К ночи метель усиливается, кружа снежинками над головой. Ветер треплет длинные каштановые волосы девушки, заплетенные в косы. Шапка остается лежать на земле. В ее глазах стоят слезы, поблескивая в свете серебристого ломтика луны и уличного освещения.
– Гастарбайтерша чокнутая! – отряхивается Мир, злобно посматривая на взволнованную девчонку. – Рябина, у нее черепно-мозговая травма, как врач тебе говорю! Ну ты и встрял, брат! Скорее всего, эта дворничиха без документов, – говорит он мне.
– Что-о-о?! – взрывается девчонка. Она снимает перекинутую через плечо текстильную цветную сумку, замахивается и с силой обрушивает ее на голову Мирослава. – Ах ты же…
Я испытываю сладкое удовлетворение, наблюдая за тем, как Боголюбова лупят. Отхожу на два шага, позволяя девчонке совершить справедливое возмездие над хамом. Ей-богу, сегодня он это заслужил!
Мир закрывается руками от ее смелых ударов, а затем дергает девчонку за полы куртки, пытаясь остановить. Слышится звук рвущейся ткани. Из оторванного накладного кармана выпадает телефон незнакомки, звонко разбиваясь об лед.
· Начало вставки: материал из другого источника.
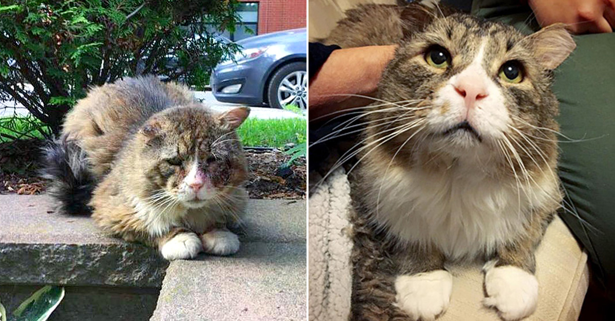ある日、カナダのモントリオールに住んでいるマリー・イブさんが、自宅の近くで助けを必要としている野良猫の姿を見つけました。猫は全身の毛がボロボロになっていて、痛みに表情を曇らせていました。猫の瞳はとても悲しそうで、マリーさんの心は強く揺さぶられました。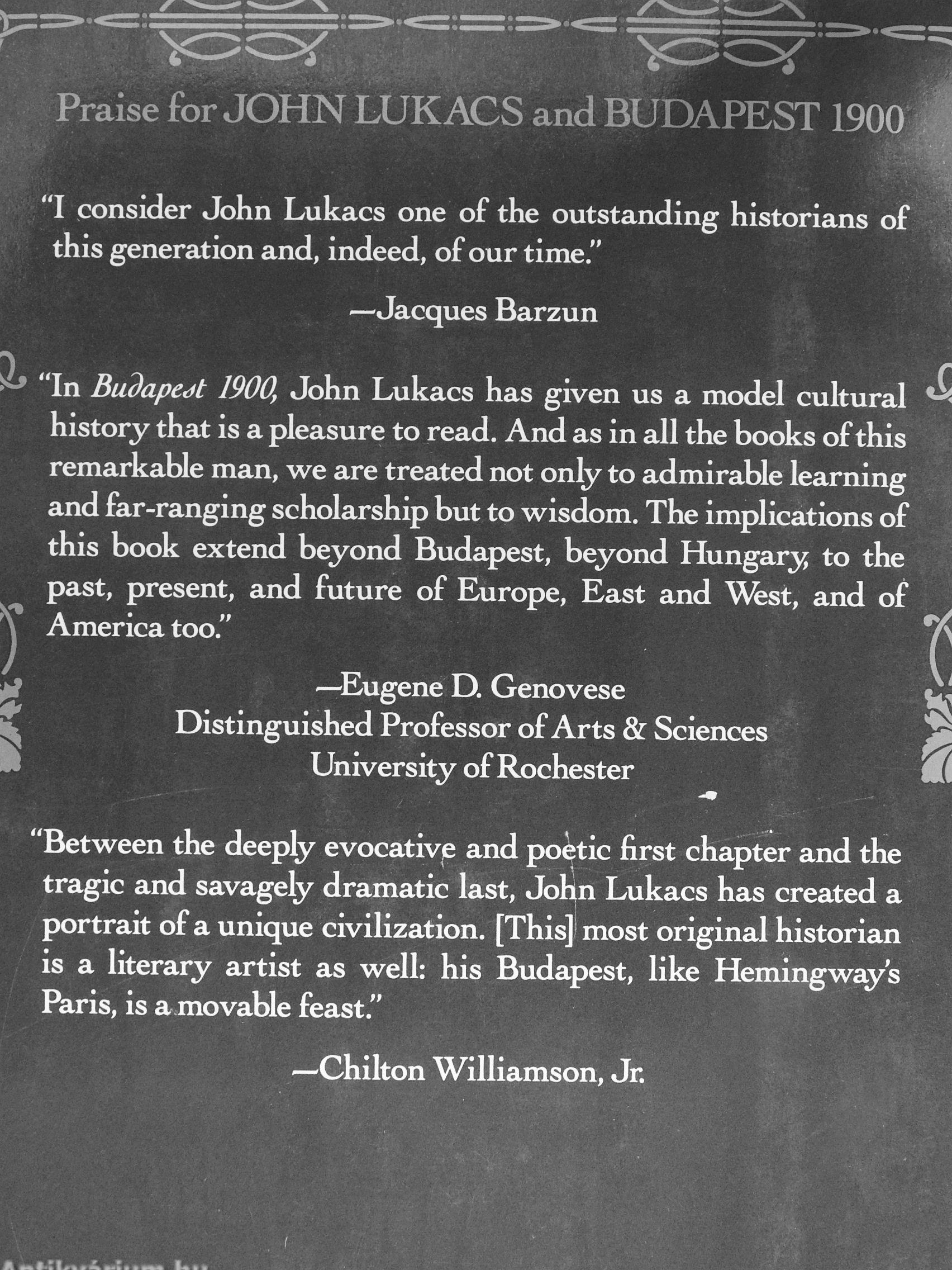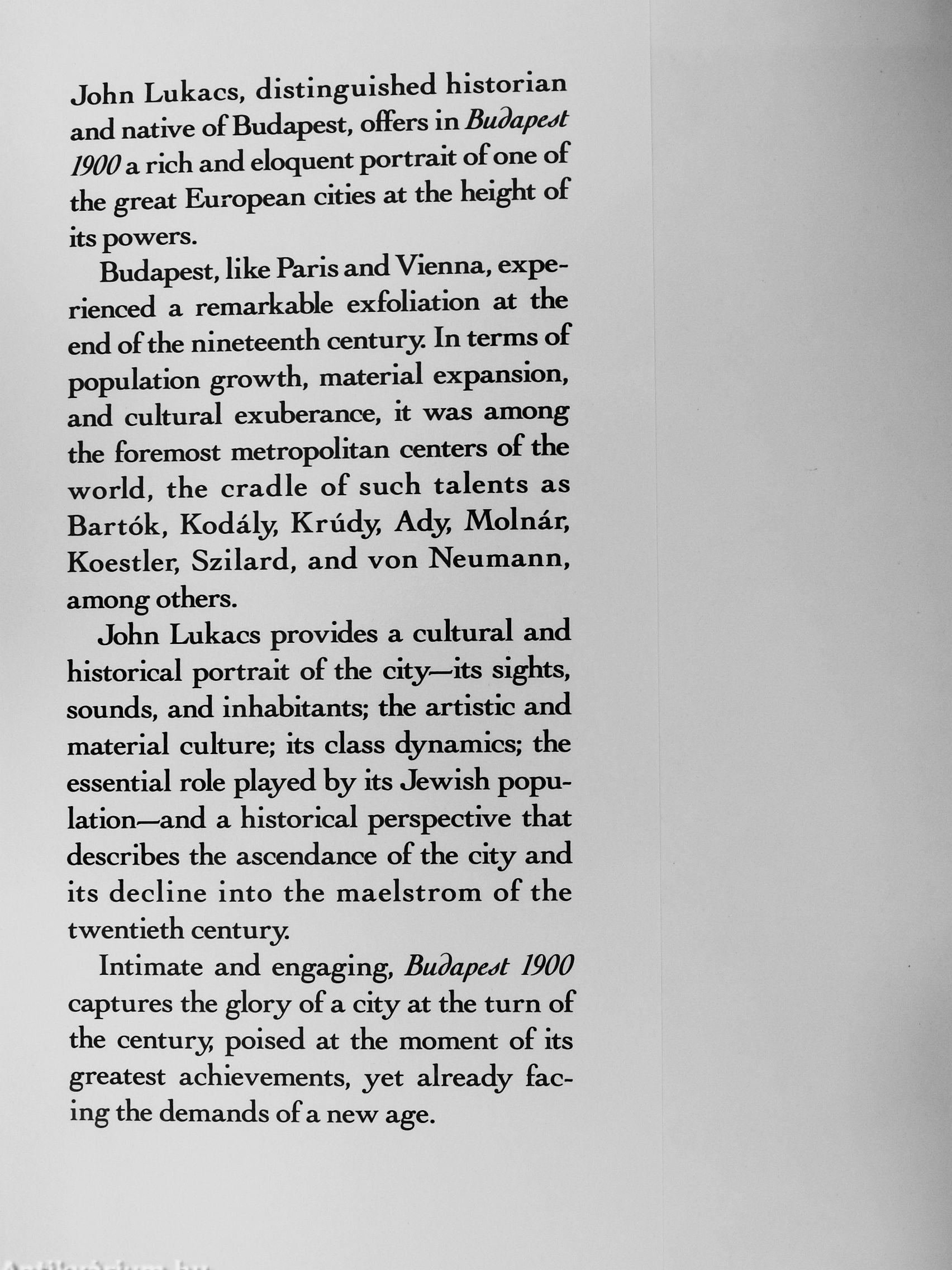 Between the deeply evocative and poetic first chapter and the tragic and savagely dramatic last, John Lukacs has created a portrait of a unique civilization. [This] most original historian is a literary artist as well: his Budapest, like Hemingways Paris, is a movable feast."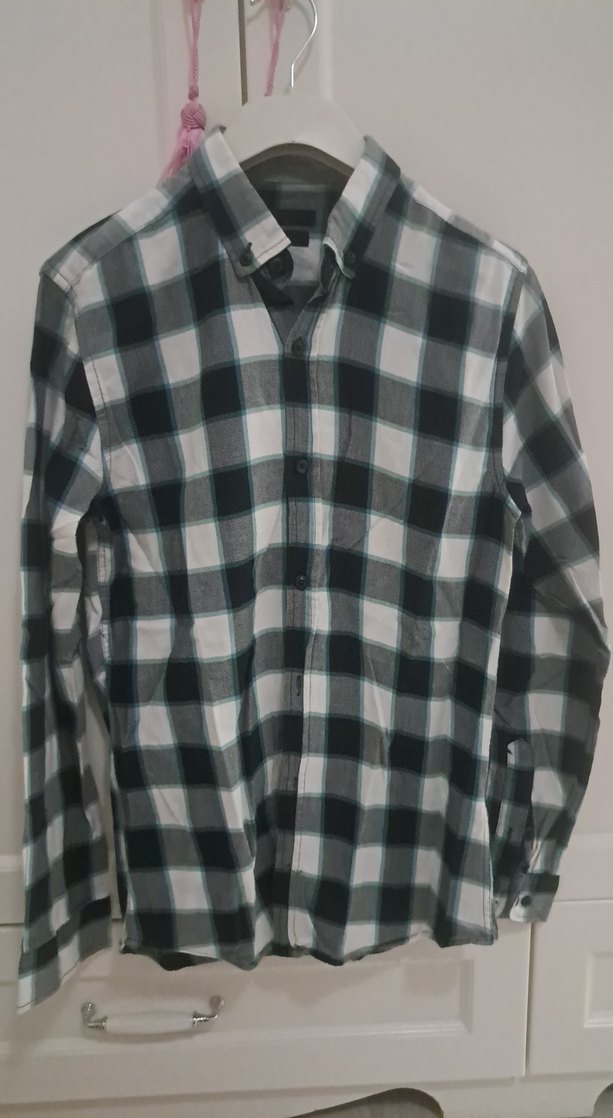Pamuk kumaştan üretilmiş, gri kareli desene sahip, yakalı ve düğmeli erkek gömleği. Uzun kollu ve regular fit kesim, günlük sokak stili için uygundur.

Я грубо оттаскиваю Мира от девушки и встаю между ними. Он пыхтит, как кипящий чайник, и брезгливо поправляет на себе одежду. Девчонка до черта напугана, и я корю себя за то, что не пресек эту дурацкую потасовку на корню.
– Девушка, извините меня, – говорю я, всматриваясь в ее растерянные глаза. – Давайте я отвезу вас в больницу.
Я неловко протягиваю к ней руки и касаюсь ледяных ладоней в надежде успокоить. Крупная дрожь, сотрясающая ее, быстро передается мне.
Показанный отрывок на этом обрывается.